Kredi bilgileri: Fabrizio Ferri
PP: Sadece kadınsı tarafı değil, aynı zamanda hassas tarafı da göstermek önemlidir. Bu genel olarak insanlar için geçerli. Bugün güç, duygularınızı göstermek ve onları gizlememek anlamına gelir - insanların sizi nasıl görmek istediğini düşündüğünüzün klişesi olmamak. Tam olarak olduğun gibi ol. Biliyor musun, eğer mutluysan, mutluluğunu göster! Ayrıca bence “saygı” günümüzde pek kullanılmayan bir kelime. İnsanlara oldukları gibi değil, olmalarını istediğimiz kişi oldukları için saygı duymalıyız.
LB: Ortak noktanız olduğunu başka ne öğrendiniz?
CTB: Artık papa ile ortak noktamız var!
PP: Ortak değerlerimiz olduğunu düşünüyorum. Aile, dostluk, saygı, haysiyet. Hayat değerlerinize dayanır - para, güç veya başka şeylere değil.

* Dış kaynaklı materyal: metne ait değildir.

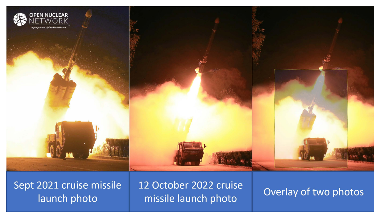
Figure 2. Comparison between cruise missile launch photos released by the DPRK in Sep 2021 and Oct 2022.

The photo album published by the DPRK covering its 2 to 5 November launch campaign[4] contains a photo of a small ballistic missile that was first publicly revealed in April 2022.[5] However, a comparison of the launch photos indicates that the DPRK re-used an old photo from April 2022 in its report covering its 2 to 5 November launch campaign (Figure 3), reducing the credibility of the DPRK's announcement.

CTB: Katılıyorum. Sanırım bu bağlantımız var. Aslında aynı kumaştan olduğumuzu düşünüyorum.
LB: Modaya uygun bir kelime oyunu amaçlanmamıştır. Şimdi, Pierpaolo, Christy açıkçası koşmayı çok seviyor.
PP: Elbette!
LB: Kitabından bir sayfa alıp maraton koşmaya başlayacak mısınız?
PP: Yapacağımı hissediyorum. içine girebilirim.
CTB: Yaşasın!
LB: Yine de sigarayı bırakması gerekiyor.
CTB: Evet, evet. Bir sonraki iş bu olacak.
PP: [Gülüyor] Sigara içenler kategorisinde birinci olacağım!